■ REQUIRED WORK ■
Below is a listing with pictures in it; transcribe exactly the lines from the one that has "诚信于心,明礼于行。诚信是为" through the one that has "钱老师简单自我介绍之后就对我", and omit those pictures.
########################################
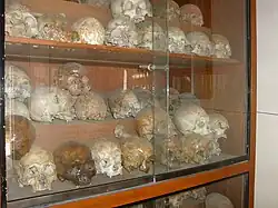 Most prisoners at S-21 were held there for two to three months. Within two or three days after they were brought to S-21, all prisoners were taken for interrogation.[5] The torture system at Tuol Sleng was designed to make prisoners confess to whatever crimes they were charged with by their captors. Prisoners were routinely beaten and tortured with electric shocks, searing hot metal instruments and hanging, as well as through the use of various other devices. Some prisoners were cut with knives or suffocated with plastic bags. Other methods for generating confessions included pulling out fingernails while pouring alcohol on the wounds, holding prisoners' heads under water, and the use of the waterboarding technique. Women were sometimes raped by the interrogators, even though sexual abuse was against Democratic Kampuchea (DK) policy. The perpetrators who were found out were executed.[5] Although many prisoners died from this kind of abuse, killing them outright was discouraged, since the Khmer Rouge needed their confessions. The "Medical Unit" at Tuol Sleng, however, did kill at least 100 prisoners by bleeding them to death.[8] It is proven that medical experiments were performed on certain prisoners. There is clear evidence that patients in Cambodia were sliced open and had organs removed with no anesthetic.[9][10] The camp's director, Kang Kek Iew, has acknowledged that "live prisoners were used for surgical study and training. Draining blood was also done."[11]
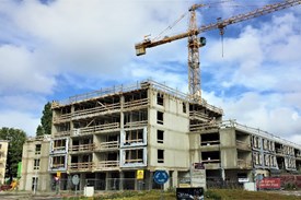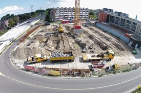 De werkzaamheden voor de bouw van het nieuwe appartementencomplex liggen op dit moment stil vanwege...
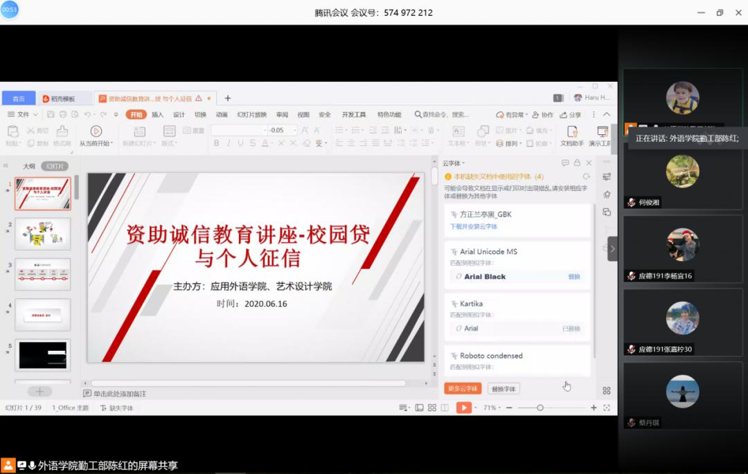 诚信于心,明礼于行。诚信是为人之道、立业之本。为了增强青年学生的诚信意识、责任意识和金融防诈骗意识,近日,应用外语学院和艺术设计学院联合举办线上资助诚信教育主题讲座。应用外语学院辅导员蔡丹琪,艺术设计学院辅导员毛莉莉、何俊湘,2018级、2019级应用外语学院和艺术设计学院学生资助工作负责人陈红、叶甫长及学生代表共200余人参加本次讲座。
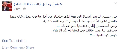 وقال أبو خليل فى تدوينة عبر صفحته على موضع التواصل الاجتماعي "فيس بوك": "بين حسن البرنس أستاذ الجامعة الذي جلدناه من أجل مارثون عجل وكان يعمل بالفعل علي الأرض ويحاول أن يفعل شيء للإسكندرية، وبين السيسي اللي مقضيها شو إعلانات، سيظهر لنا عدم أماناتنا في المقارنة ﻷن الإعلام كرس فينا الغباء !!".
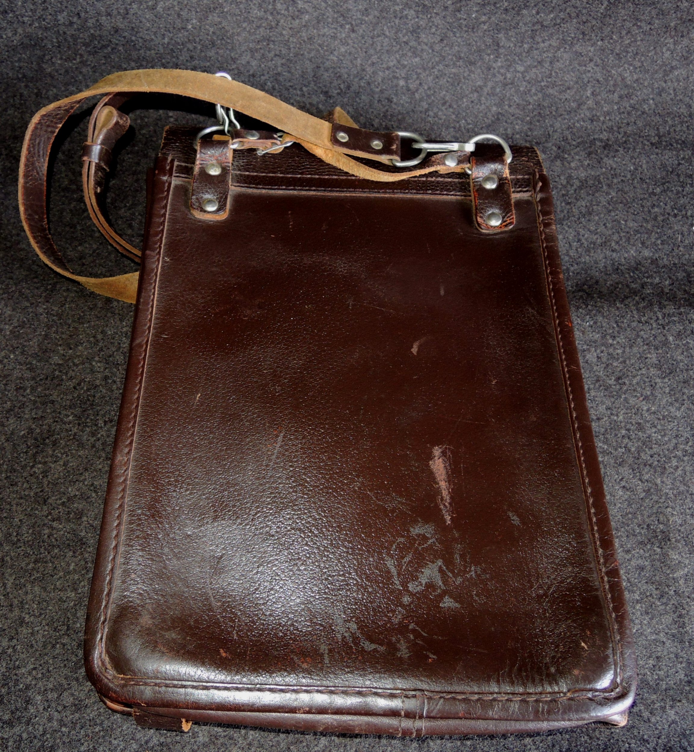 Две сумки точно военных лет - та что по середке и та что справа, с прорезной пряжкой на плечевом ремне. По той, что с черным клапаном - не уверен, возможно и ранняя послевойна. Та что по середине - фабрика Бебеля, 1944 год.
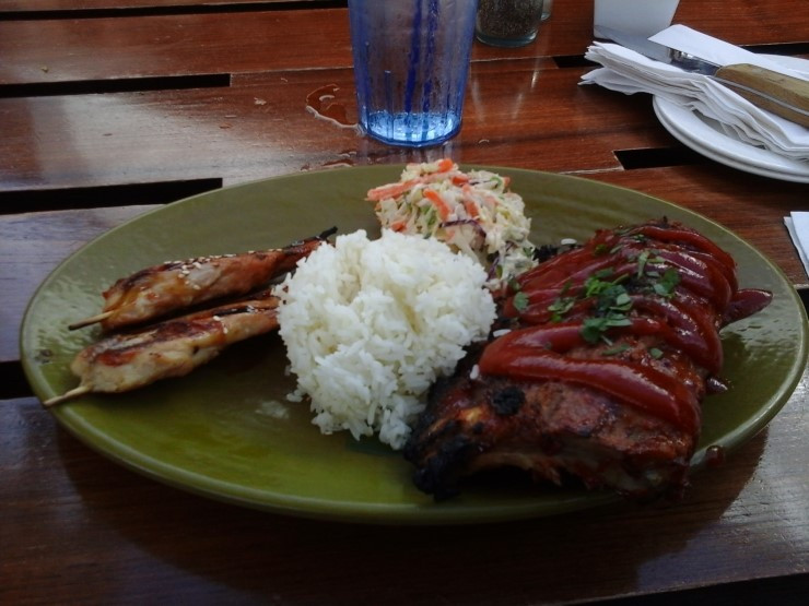 키모스는 음식점을 여러 개 가지고 있는 음식 체인업체 레스토랑인데 키모스 자체는 분점 없이 라하이나에 딱 한 점포만 있다. 잘 보면 바에 효자손이 있는데...
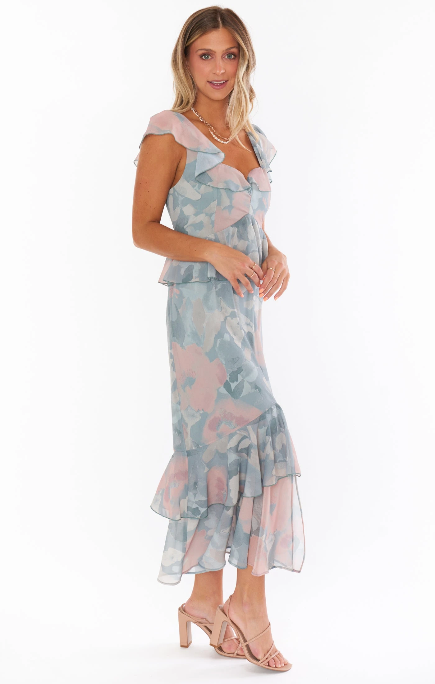 Feminine and flirty, this champagne ruffled tiered midi dress is as romantic as they come. The ruffles and flutter sleeves make this dreamy dress the utmost flattering, and smocked back ensures the perfect fit.
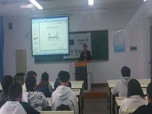 钱老师简单自我介绍之后就对我国道路交通安全形势作出了分析,并且与美国道路交通事故成因做了对比。之后又详细讲解了路侧交通事故的定义及其危害,并且对我国目前路侧安全设计存在的问题进行了分析并且提出了一些解决办法,例如:合理设置视线诱导设施、设置道路越界提醒等。
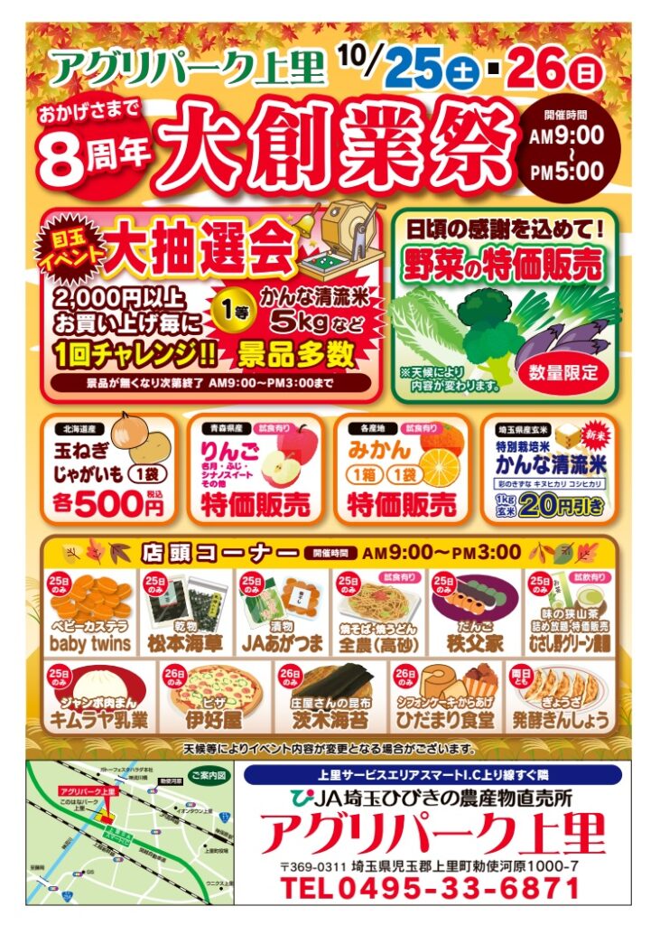 アグリパーク上里にて『大創業祭』開催‼️ いつもJA埼玉ひびきの農産物直売所をご利用いただき誠にありがとうございます。 日頃の感謝を込めて大創業祭を開催!! 開催日 10月25日(土)〜26日(日) 開催時間 午前9時〜午後5時 📍アグリパーク上里 目玉イベント👀✨ \大抽選会開催/ 2,000円以上お買い上げ毎に1回チャレンジ( •̀ •́ )୨⚑︎゛ 1等はかんな清流米5kgなど•••景品多数!(⑉>ᴗ<ノノ゙ \上里町産梨リキュール販売🍸/ 数量限定で上里町産梨リキュール『月にあこがれた梨』販売🌙*.。 \店頭コーナー/ 開催時 午前9時〜午後5時 【25日(土)出店】 •baby twins : ベビーカステラ販売 •松本海草 : 乾物販売 •JAあがつま : 漬物販売 •全農(高砂食品) : 焼そば•焼うどん販売 •秩父家 : だんご販売 •むさし野グリーン農園 : 味の狭山茶詰め放題•特価販売 ・キムラヤ乳業 : ジャンボ肉まん販売 【26日(日)出店】 •伊好屋 : ピザ販売 •茨木海苔 : 庄屋さんの昆布販売 •ひだまり食堂 : シフォンケーキ•からあげ販売 【両日出店】 •発酵きんしょう : ぎょうざ販売 皆さまのお越しを心よりお待ちしております💕
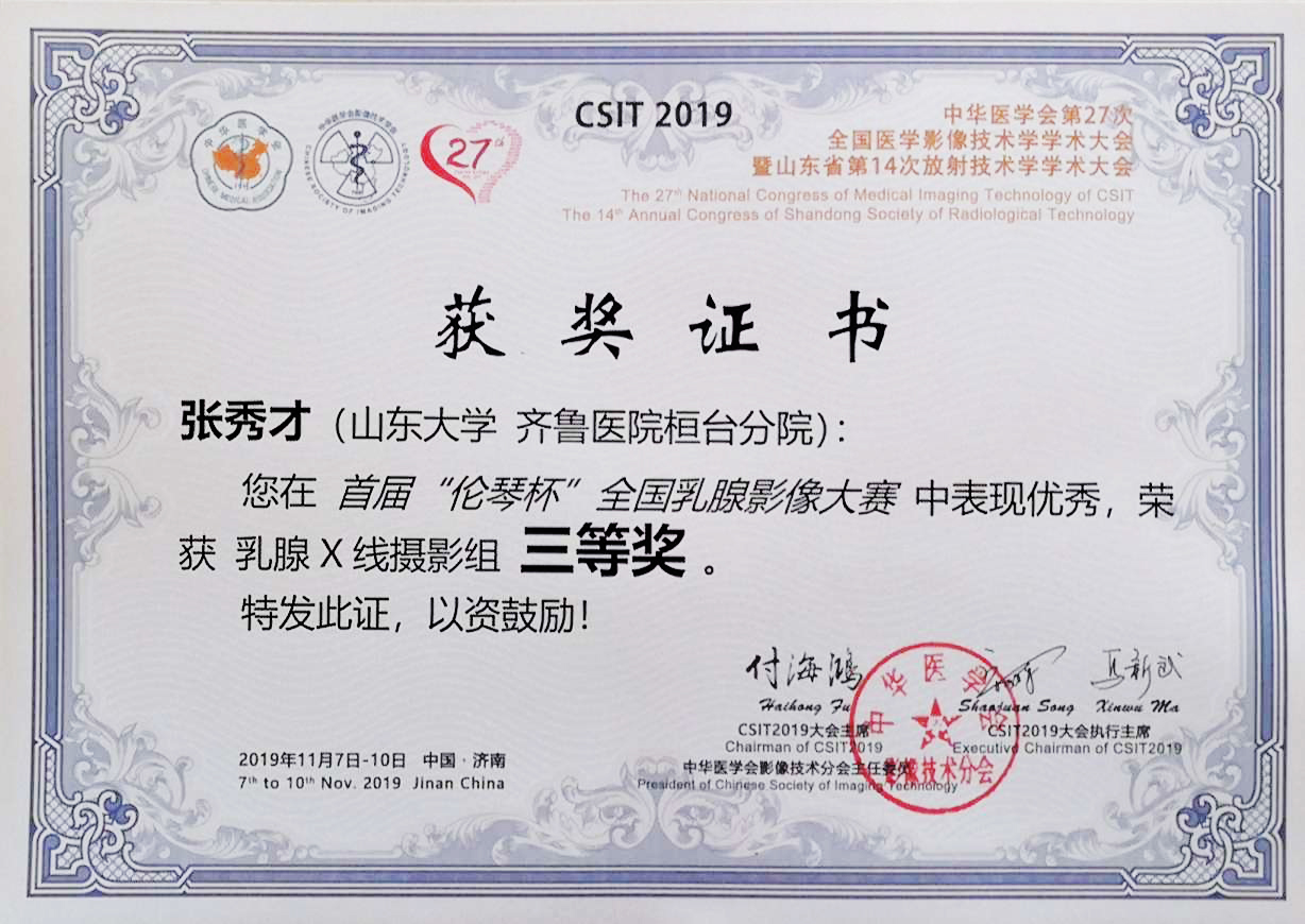 参赛选手中评选出一等奖1名,二等奖2名,三等奖3名。我院放射科张秀才主任是唯一一个县级医院获奖者,并受邀在中华医学会第27次全国医学影像技术学学术大会上作交流发言,分享了乳腺X线摄影的规范化操作以及实际工作中的心得体会。
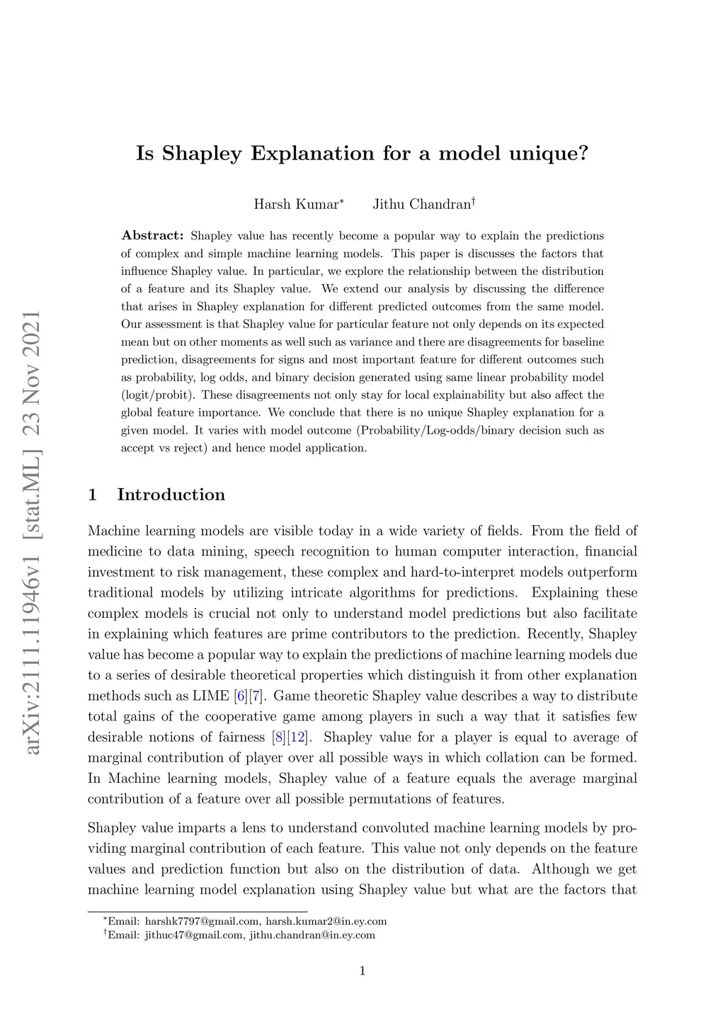 Shapley value has recently become a popular way to explain the predictions of complex and simple machine learning models. This paper is discusses the factors that influence Shapley value. In particular, we explore the relationship between the distribution of a feature and its Shapley value. We extend our analysis by discussing the difference that arises in Shapley explanation for different predicted outcomes from the same model. Our assessment is that Shapley value for particular feature not only depends on its expected mean but on other moments as well such as variance and there are disagreements for baseline prediction, disagreements for signs and most important feature for different outcomes such as probability, log odds, and binary decision generated using same linear probability model (logit/probit). These disagreements not only stay for local explainability but also affect the global feature importance. We conclude that there is no unique Shapley explanation for a given model. It varies with model outcome (Probability/Log-odds/binary decision such as accept vs reject) and hence model application.
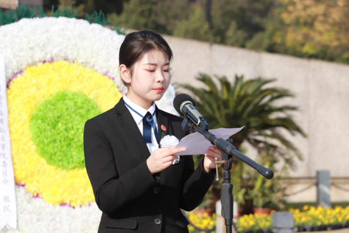 随后,由学生代表向革命先烈敬献花圈,寄托对人民英雄的深切哀思。
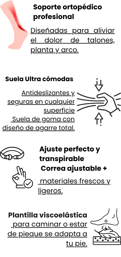 Sandalias ortopédicas con plantilla viscoelástica, soporte para el arco y suela antideslizante. Alivio inmediato para pies cansados, fascitis plantar y dolor en rodillas o espalda.
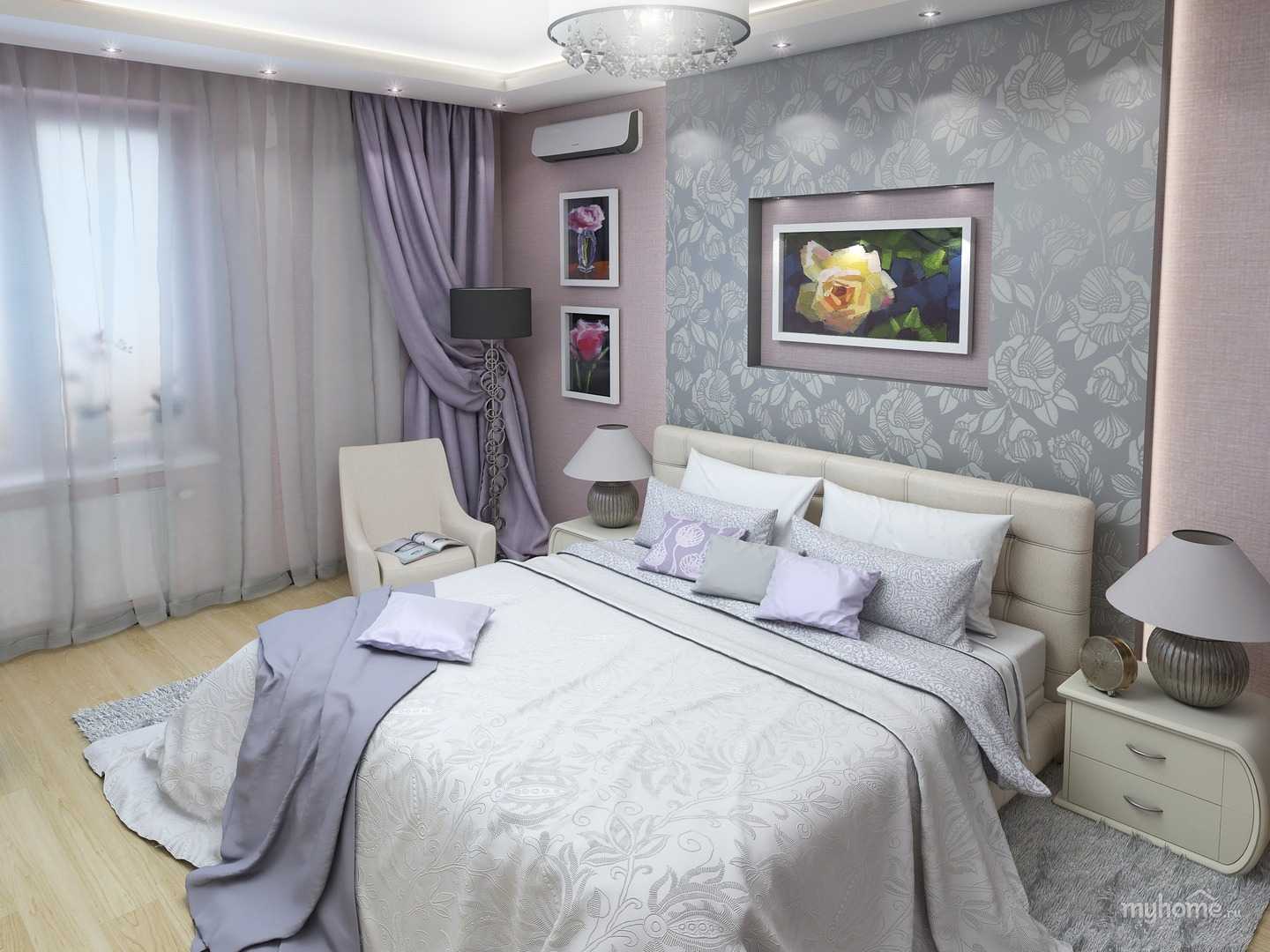 Серая спальня с фиолетовыми акцентами довольно приятна. Обои в таком декоре могут быть не тусклыми, а отливать серебром. В таком же контексте может быть подобрана и мебель с покрывалом. Серо-розовые решения тоже мягкие, если используются нежные оттенки.
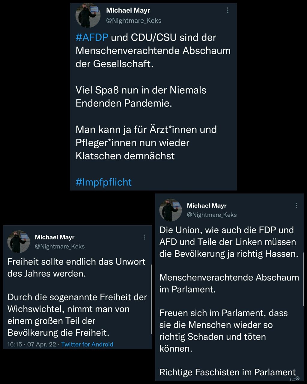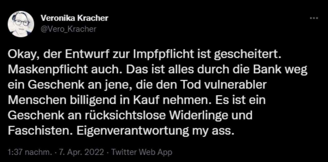 Der Alman sehnt sich jetzt nach einem Lockdown als Rache dafür, dass sie ihre geliebte Genspritze nicht in unser aller Arme reinrammen lassen können. Es geht dem Alman nicht um unsere Gesundheit, sondern um niedere Machtfantasien.
########################################
■ THE COMPLETED TASK ■
 诚信于心,明礼于行。诚信是为人之道、立业之本。为了增强青年学生的诚信意识、责任意识和金融防诈骗意识,近日,应用外语学院和艺术设计学院联合举办线上资助诚信教育主题讲座。应用外语学院辅导员蔡丹琪,艺术设计学院辅导员毛莉莉、何俊湘,2018级、2019级应用外语学院和艺术设计学院学生资助工作负责人陈红、叶甫长及学生代表共200余人参加本次讲座。
 وقال أبو خليل فى تدوينة عبر صفحته على موضع التواصل الاجتماعي "فيس بوك": "بين حسن البرنس أستاذ الجامعة الذي جلدناه من أجل مارثون عجل وكان يعمل بالفعل علي الأرض ويحاول أن يفعل شيء للإسكندرية، وبين السيسي اللي مقضيها شو إعلانات، سيظهر لنا عدم أماناتنا في المقارنة ﻷن الإعلام كرس فينا الغباء !!".
 Две сумки точно военных лет - та что по середке и та что справа, с прорезной пряжкой на плечевом ремне. По той, что с черным клапаном - не уверен, возможно и ранняя послевойна. Та что по середине - фабрика Бебеля, 1944 год.
 키모스는 음식점을 여러 개 가지고 있는 음식 체인업체 레스토랑인데 키모스 자체는 분점 없이 라하이나에 딱 한 점포만 있다. 잘 보면 바에 효자손이 있는데...
 Feminine and flirty, this champagne ruffled tiered midi dress is as romantic as they come. The ruffles and flutter sleeves make this dreamy dress the utmost flattering, and smocked back ensures the perfect fit.
 钱老师简单自我介绍之后就对我国道路交通安全形势作出了分析,并且与美国道路交通事故成因做了对比。之后又详细讲解了路侧交通事故的定义及其危害,并且对我国目前路侧安全设计存在的问题进行了分析并且提出了一些解决办法,例如:合理设置视线诱导设施、设置道路越界提醒等。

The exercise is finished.